**Task data:**
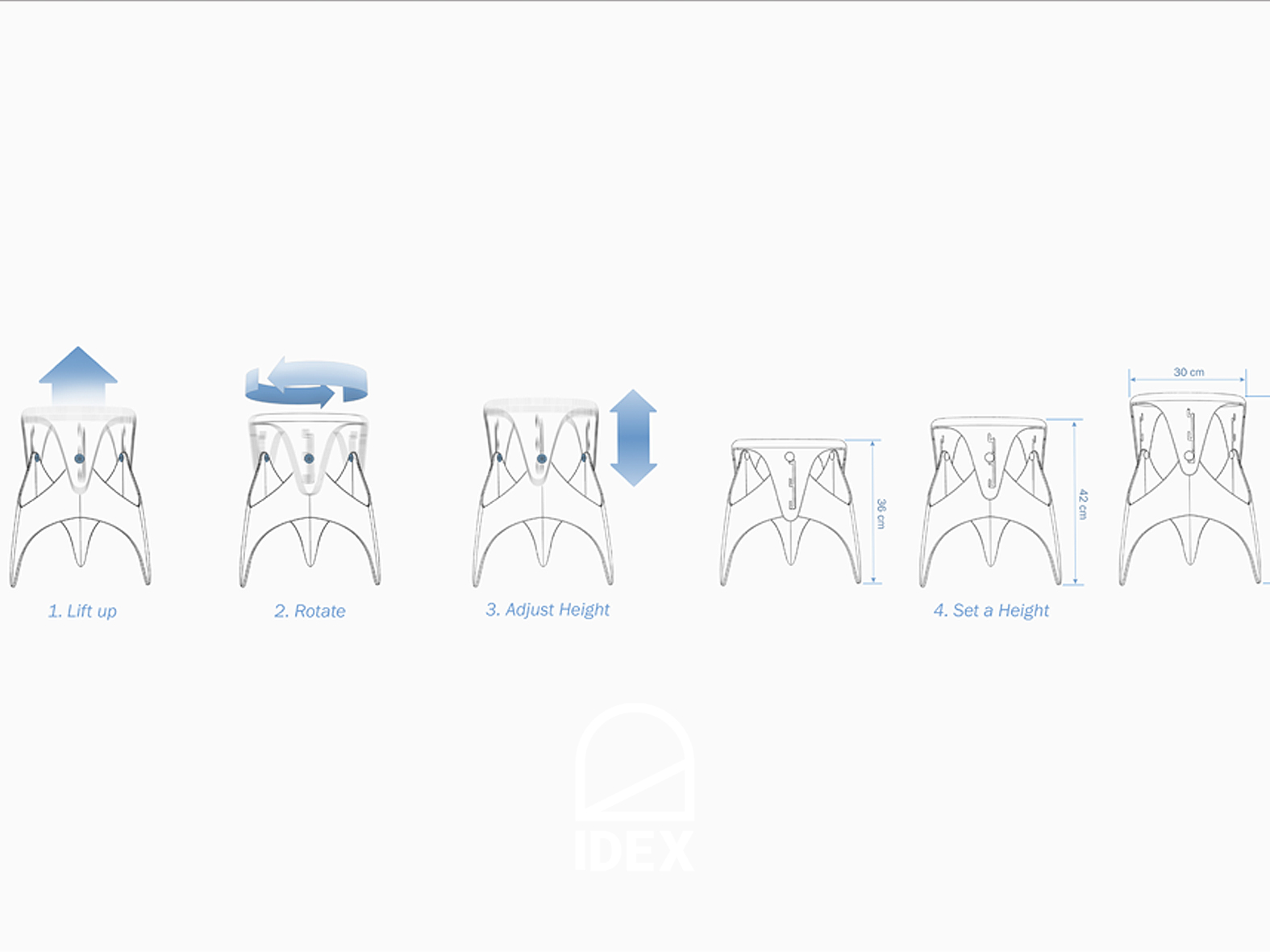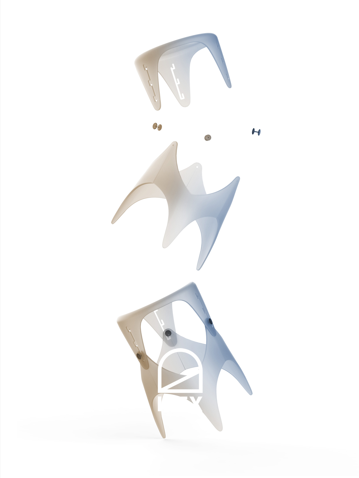 نیوان یک نشیمن سه پایه پایدار است که از پلاستیکهای بازیافتی ساخته شده و با هدف کاهش ضایعات پلاستیکی، در عین حفظ
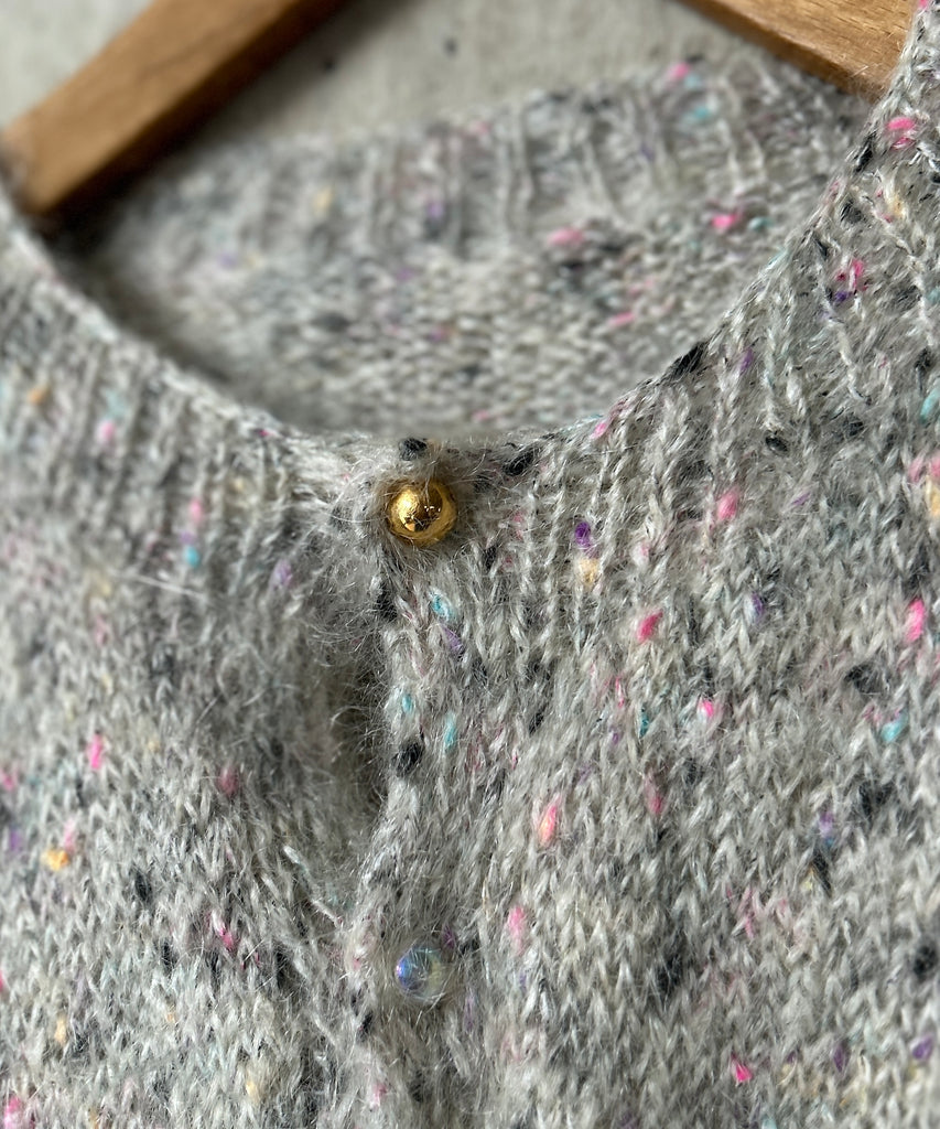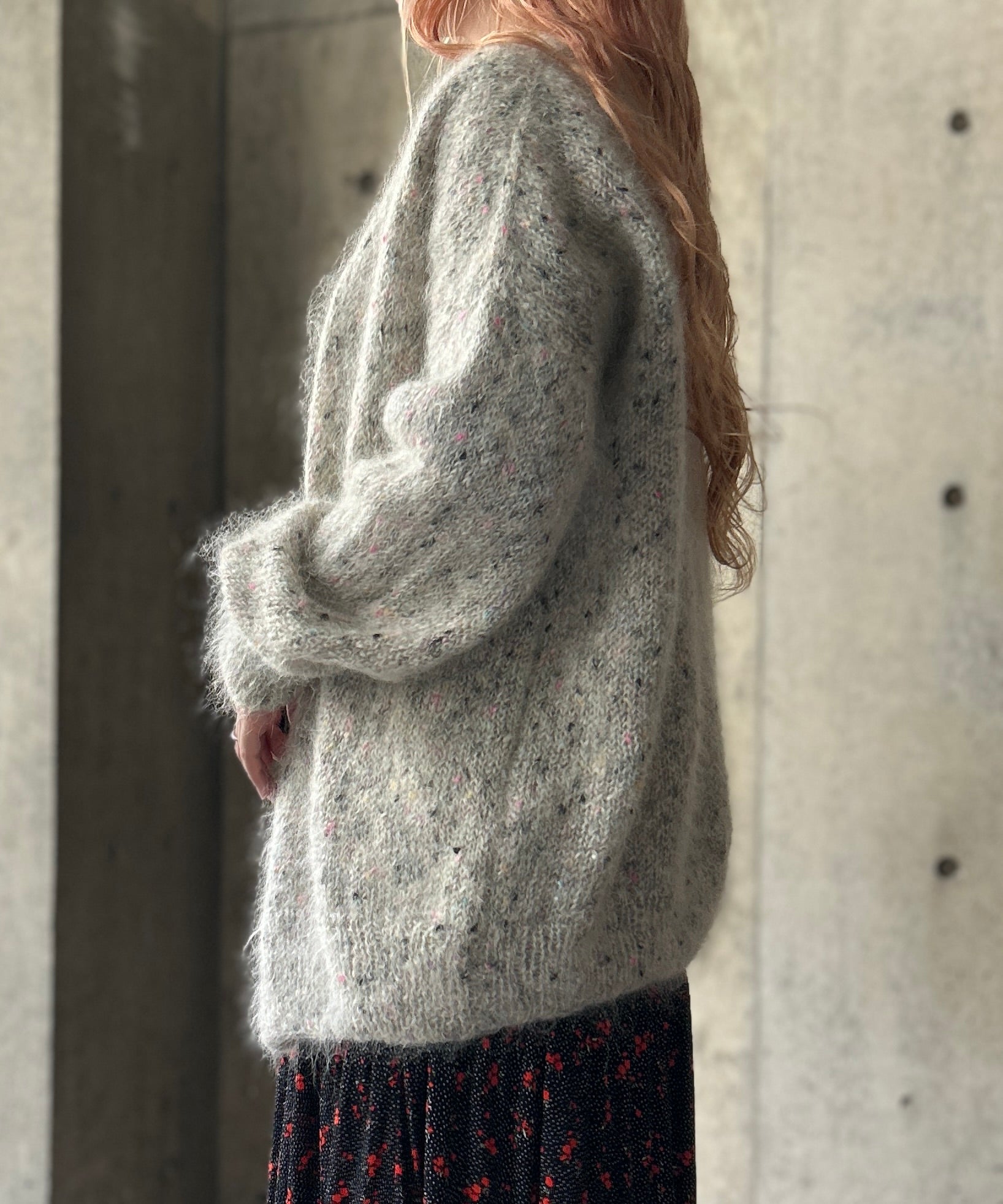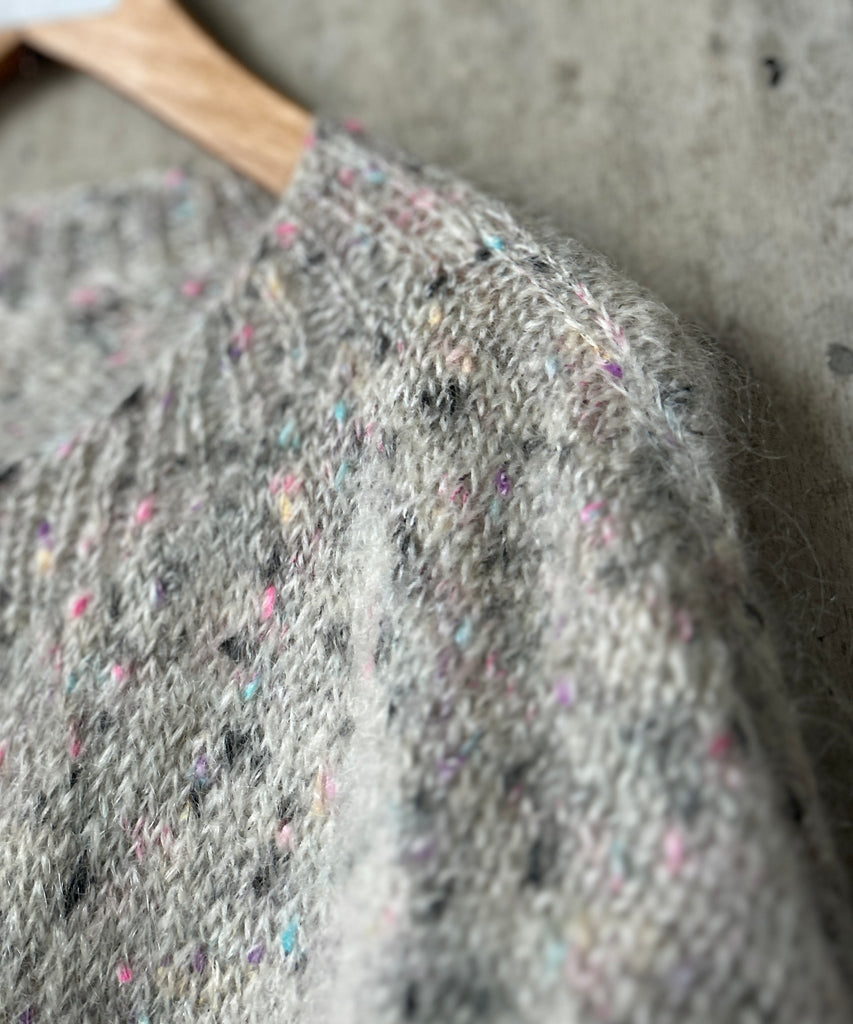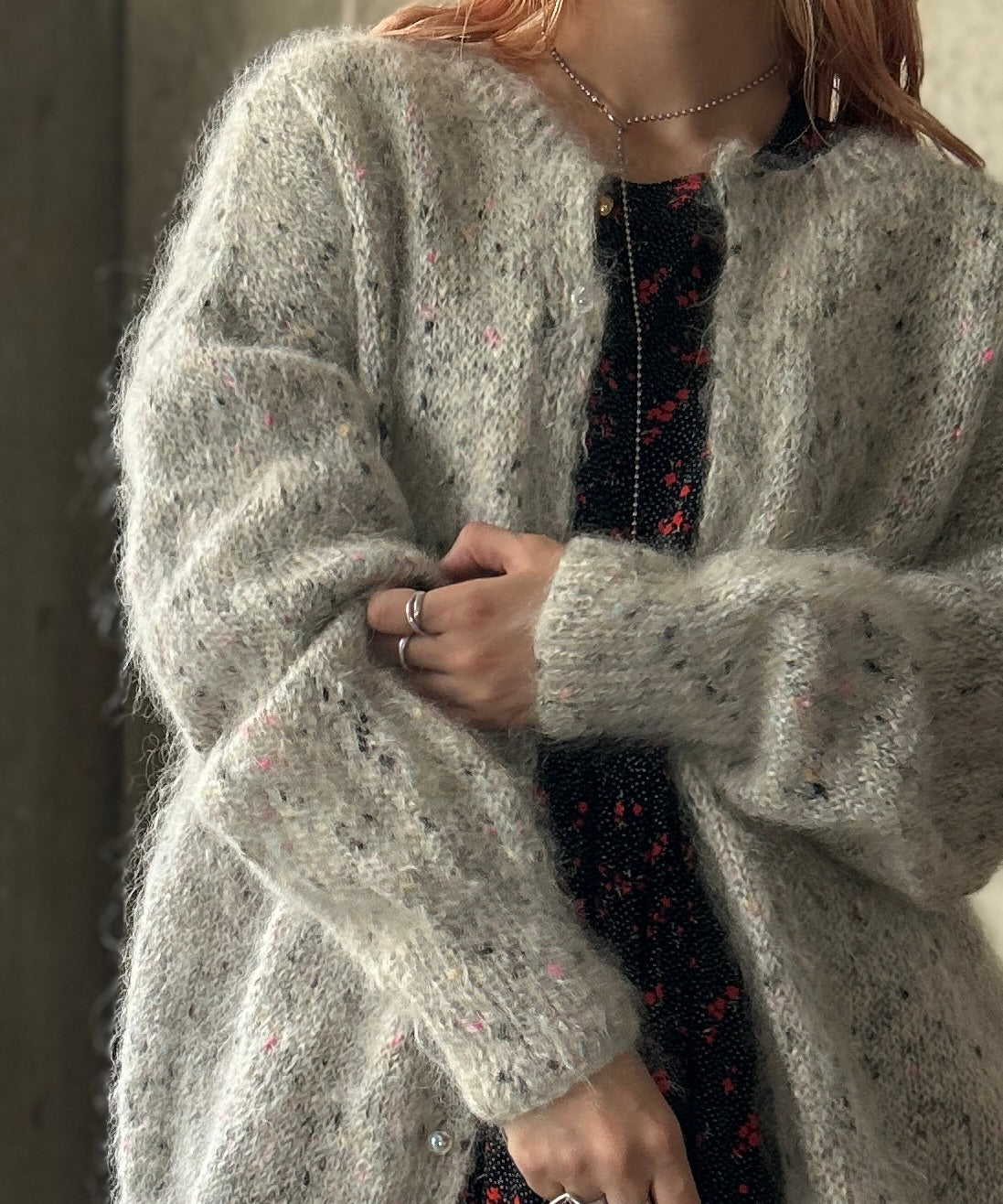ミックスカラーのモヘアニットカーディガン。
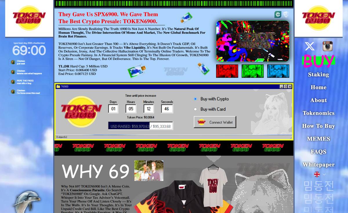 TOKEN6900は、インターネット文化と2000年代のノスタルジー、そして“69”という数値に象徴される独特なエネルギーに着想を得たものであり、実用性がないことを公言している。ハードキャップは500万ドル(約7億9,500万円)に設定され、総供給量の80%(7億4,479万4,473トークン)がプレセール対象となっている。
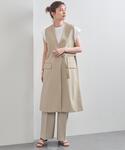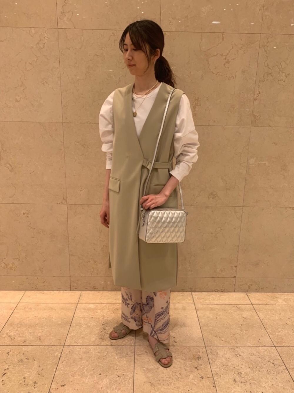 丈の長いベストは今の時期のちょっとした羽織にもぴったりです。トレンドのボタニカル柄のパンツと合わせてリラックス感のあるスタイルにしました。
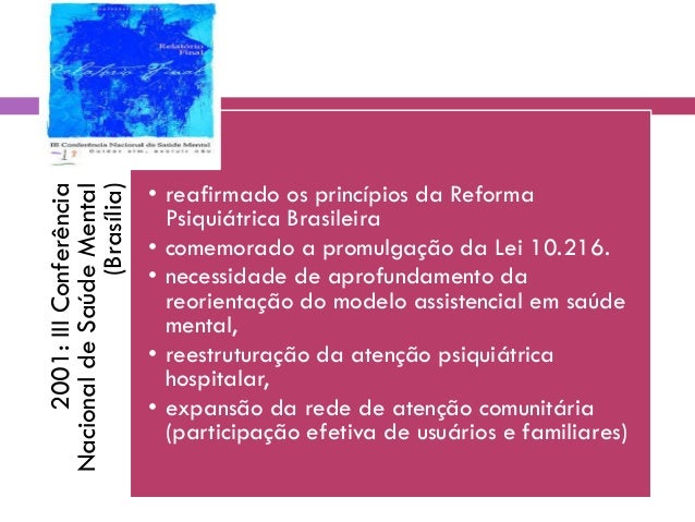 27. 27. 2001:IIIConferência NacionaldeSaúdeMental (Brasília) • reafirmado os princípios da Reforma Psiquiátrica Brasileira • comemorado a promulgação da Lei 10.216. • necessidade de aprofundamento da reorientação do modelo assistencial em saúde mental, • reestruturação da atenção psiquiátrica hospitalar, • expansão da rede de atenção comunitária (participação efetiva de usuários e familiares)
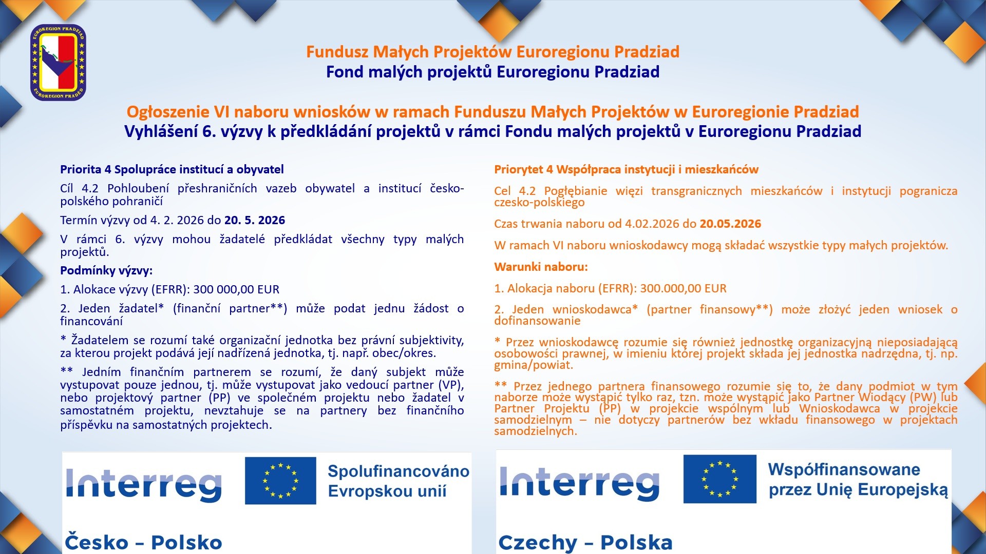 Vyhlášení 6. výzvy k předkládání projektů v rámci Fondu malých projektů v Euroregionu Pradziad
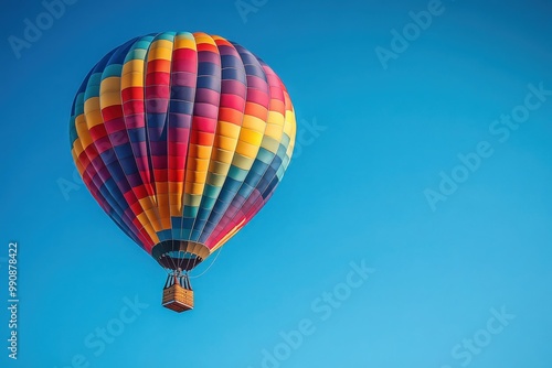 © Iurii, Obraz premium Colorful hot air balloon floating in the clear blue sky during a sunny day
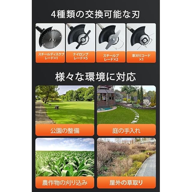 【多機能ブレードで幅広く対応する草刈り機】ナイロン刃・鉄板刃・草刈り刃・鋼刃の4種を搭載した草刈り機で、公園・庭・農地など様々な場所に対応。スピード調整機能付きで、強力刈り込みも精密作業もこの草刈り機1台でOK。
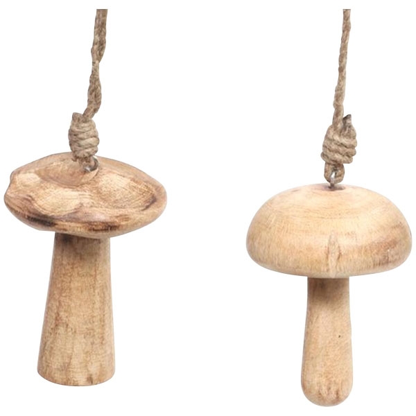 Ornament Wooden Mushroom Natural - 2 Assorted

**Task prompt:**
Could you return the whole listing exactly, images excluded?

**Task response:**
 نیوان یک نشیمن سه پایه پایدار است که از پلاستیکهای بازیافتی ساخته شده و با هدف کاهش ضایعات پلاستیکی، در عین حفظ
ミックスカラーのモヘアニットカーディガン。
 TOKEN6900は、インターネット文化と2000年代のノスタルジー、そして“69”という数値に象徴される独特なエネルギーに着想を得たものであり、実用性がないことを公言している。ハードキャップは500万ドル(約7億9,500万円)に設定され、総供給量の80%(7億4,479万4,473トークン)がプレセール対象となっている。
 丈の長いベストは今の時期のちょっとした羽織にもぴったりです。トレンドのボタニカル柄のパンツと合わせてリラックス感のあるスタイルにしました。
 27. 27. 2001:IIIConferência NacionaldeSaúdeMental (Brasília) • reafirmado os princípios da Reforma Psiquiátrica Brasileira • comemorado a promulgação da Lei 10.216. • necessidade de aprofundamento da reorientação do modelo assistencial em saúde mental, • reestruturação da atenção psiquiátrica hospitalar, • expansão da rede de atenção comunitária (participação efetiva de usuários e familiares)
 Vyhlášení 6. výzvy k předkládání projektů v rámci Fondu malých projektů v Euroregionu Pradziad
 © Iurii, Obraz premium Colorful hot air balloon floating in the clear blue sky during a sunny day
 【多機能ブレードで幅広く対応する草刈り機】ナイロン刃・鉄板刃・草刈り刃・鋼刃の4種を搭載した草刈り機で、公園・庭・農地など様々な場所に対応。スピード調整機能付きで、強力刈り込みも精密作業もこの草刈り機1台でOK。
 Ornament Wooden Mushroom Natural - 2 Assorted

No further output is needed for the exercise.